Repeat the listing below line by line, exactly, leaving its pictures behind.
--- GIVEN RECORDS Enclosed Below ---
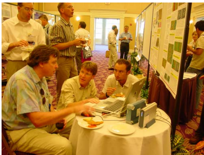
Fig. 5. Poster session - Pedometrics 2005 meeting.
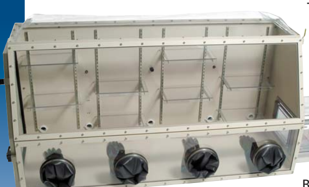
ALUMINUM GLOVE BOX

Ball Valves make it easy to purge in a desired gas mix for oxygen or moisture control.
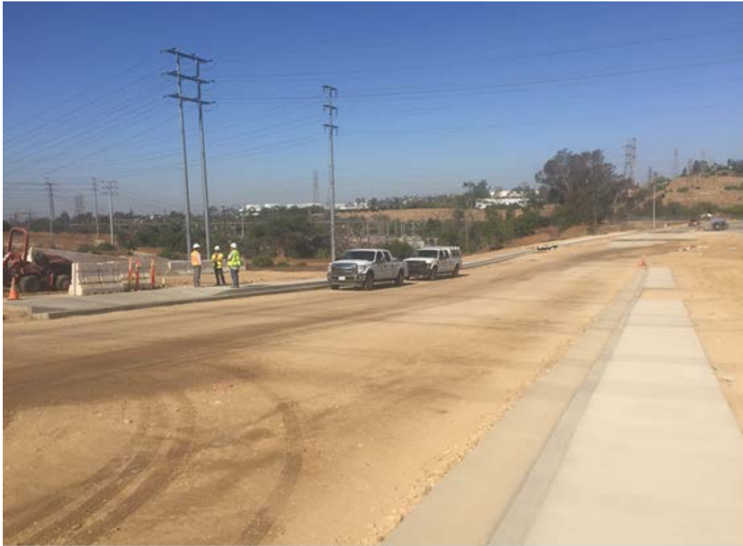
Photograph 2: Standing on the Driveway Forward of the K-rail Looking Southwest into the Substation Site
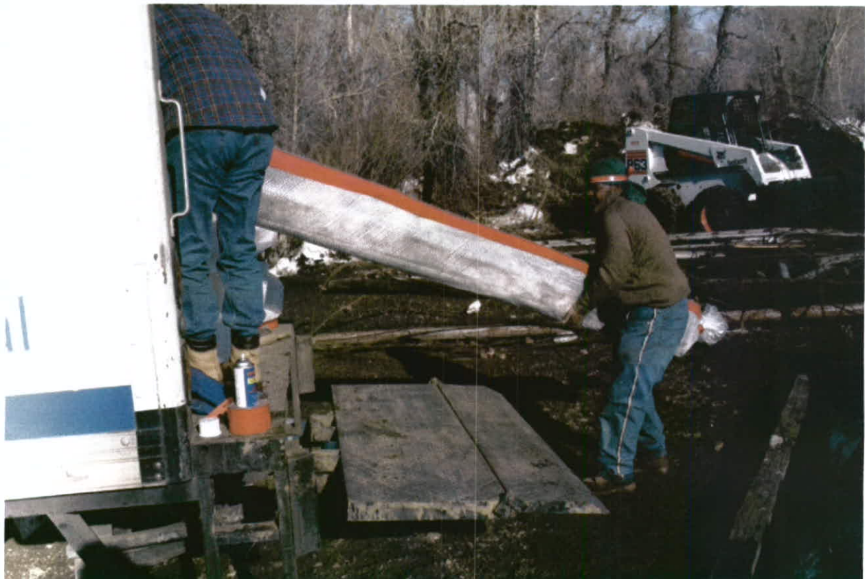
Photo 19 – View of abatement crew loading wrapped timbers and insulation onto service truck
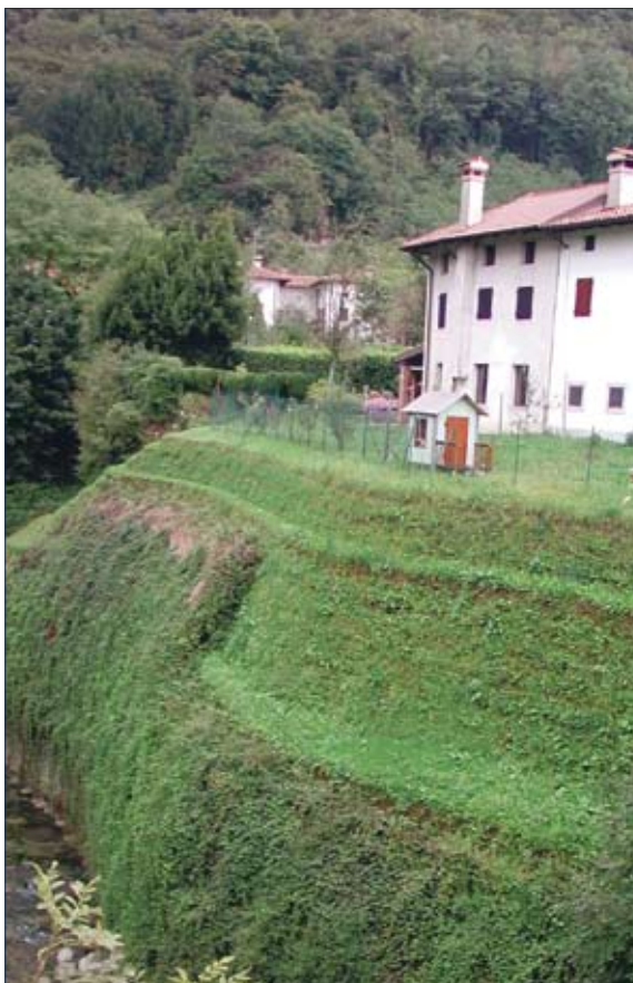
terre rinforzate / reinforced grounds
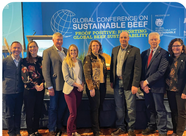
Canadian delegation at the Global Conference on Sustainable Beef in Punta del Este, Uruguay.

CRSB staff and leadership joined a delegation of eight Canadians representing various organizations to attend and actively participate in the Global Conference on Sustainable Beef.
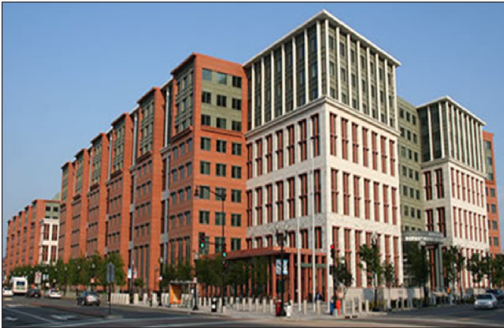
Figure 2: U. S. Department of Transportation’s (DOT) Headquarters, Washington D. C.
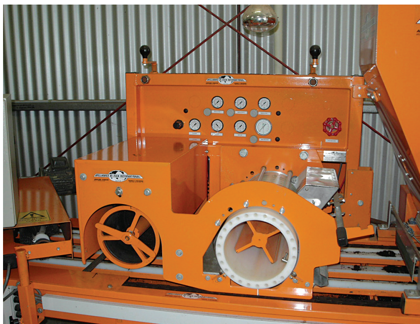
Top: Williames 750 Seeding Line. Above: Williames 750 Seeder. Right: Precise sowing.
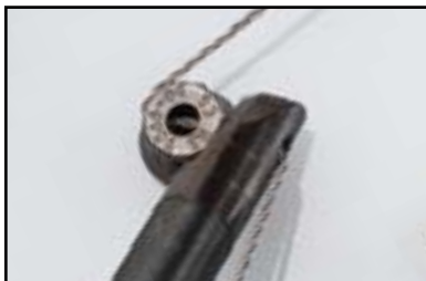
Step 3 Tension

Simply thread the cable through the ferrule and the tool nose.
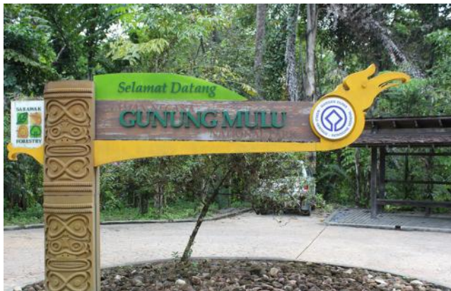
Picture 5. Gunung Mulu World Heritage Area is an example of best practice in World Heritage branding. The World Heritage name and emblem are prominently, consistently and repeatedly presented to visitors during a park visit and is found on entrance and interpretive signage, staff uniforms, the official park web site and more.
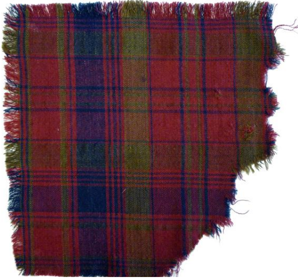
Fig 1. Original fragment.
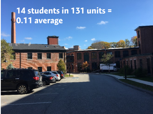
Princeton Westford (I) and Abbot Mill (r) in Westford, Massachusetts.

The monthly rents for market-rate units range from $1,780 to $2,535. Approximately 5 percent of the units are vacant and available for rent.<sup>3</sup>
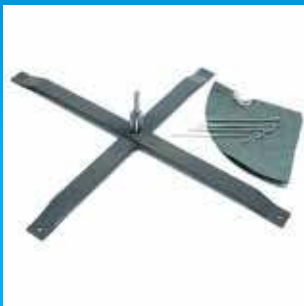
Universal Cross Base For use on hard ground, indoors or out, holes on the feet allow for pegging to soft ground. Powder coated steel and ball bearing spindle for smooth flag rotation. Measurements: Longest Arm 835mm x 50mm Shortest Arm 725mm x 50mm *water bag sold separately (£15 while stocks last)
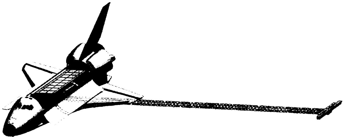
Figure 1. The SRTM payload in the Space Shuttle. The main antenna is seen in the payload bay and the outboard antennas are at the end of a 60 m mast.

The Shuttle Radar Topography Mission (SRTM) (Fig. 1), is a cooperative project between NASA and the National Imagery and Mapping Agency (NIMA) of the U.S. Department of Defense. The mission is designed to use a single-pass radar interferometer to produce a digital elevation model of the Earth's land surface between about 60 degrees north and south latitude. The DEM will have 30 m pixel spacing and about 15 m vertical errors.
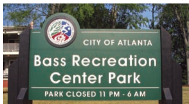
May: Bass Park
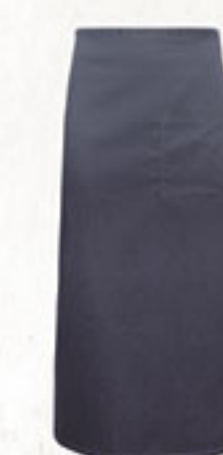
BSS 9/16 vintage black
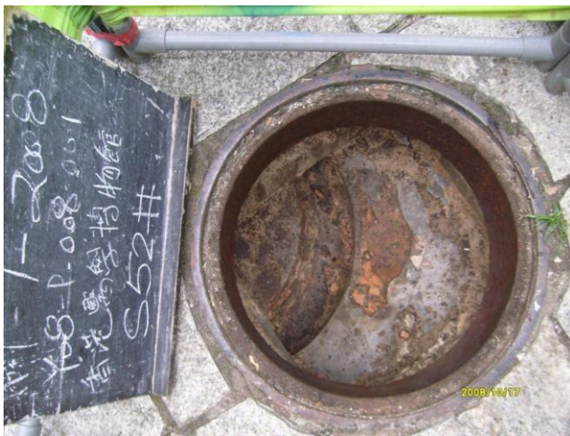
Fig.3 Manhole internal photo 圖三. 沙井內部相片
--- End of Enclosed GIVEN RECORDS ---
• _EXERCISE OUTPUT_
Fig. 5. Poster session - Pedometrics 2005 meeting.
ALUMINUM GLOVE BOX

Ball Valves make it easy to purge in a desired gas mix for oxygen or moisture control.
Photograph 2: Standing on the Driveway Forward of the K-rail Looking Southwest into the Substation Site
Photo 19 – View of abatement crew loading wrapped timbers and insulation onto service truck
terre rinforzate / reinforced grounds
Canadian delegation at the Global Conference on Sustainable Beef in Punta del Este, Uruguay.

CRSB staff and leadership joined a delegation of eight Canadians representing various organizations to attend and actively participate in the Global Conference on Sustainable Beef.
Figure 2: U. S. Department of Transportation’s (DOT) Headquarters, Washington D. C.
Top: Williames 750 Seeding Line. Above: Williames 750 Seeder. Right: Precise sowing.
Step 3 Tension

Simply thread the cable through the ferrule and the tool nose.
Picture 5. Gunung Mulu World Heritage Area is an example of best practice in World Heritage branding. The World Heritage name and emblem are prominently, consistently and repeatedly presented to visitors during a park visit and is found on entrance and interpretive signage, staff uniforms, the official park web site and more.
Fig 1. Original fragment.
Princeton Westford (I) and Abbot Mill (r) in Westford, Massachusetts.

The monthly rents for market-rate units range from $1,780 to $2,535. Approximately 5 percent of the units are vacant and available for rent.<sup>3</sup>
Universal Cross Base For use on hard ground, indoors or out, holes on the feet allow for pegging to soft ground. Powder coated steel and ball bearing spindle for smooth flag rotation. Measurements: Longest Arm 835mm x 50mm Shortest Arm 725mm x 50mm *water bag sold separately (£15 while stocks last)
Figure 1. The SRTM payload in the Space Shuttle. The main antenna is seen in the payload bay and the outboard antennas are at the end of a 60 m mast.

The Shuttle Radar Topography Mission (SRTM) (Fig. 1), is a cooperative project between NASA and the National Imagery and Mapping Agency (NIMA) of the U.S. Department of Defense. The mission is designed to use a single-pass radar interferometer to produce a digital elevation model of the Earth's land surface between about 60 degrees north and south latitude. The DEM will have 30 m pixel spacing and about 15 m vertical errors.
May: Bass Park
BSS 9/16 vintage black
Fig.3 Manhole internal photo 圖三. 沙井內部相片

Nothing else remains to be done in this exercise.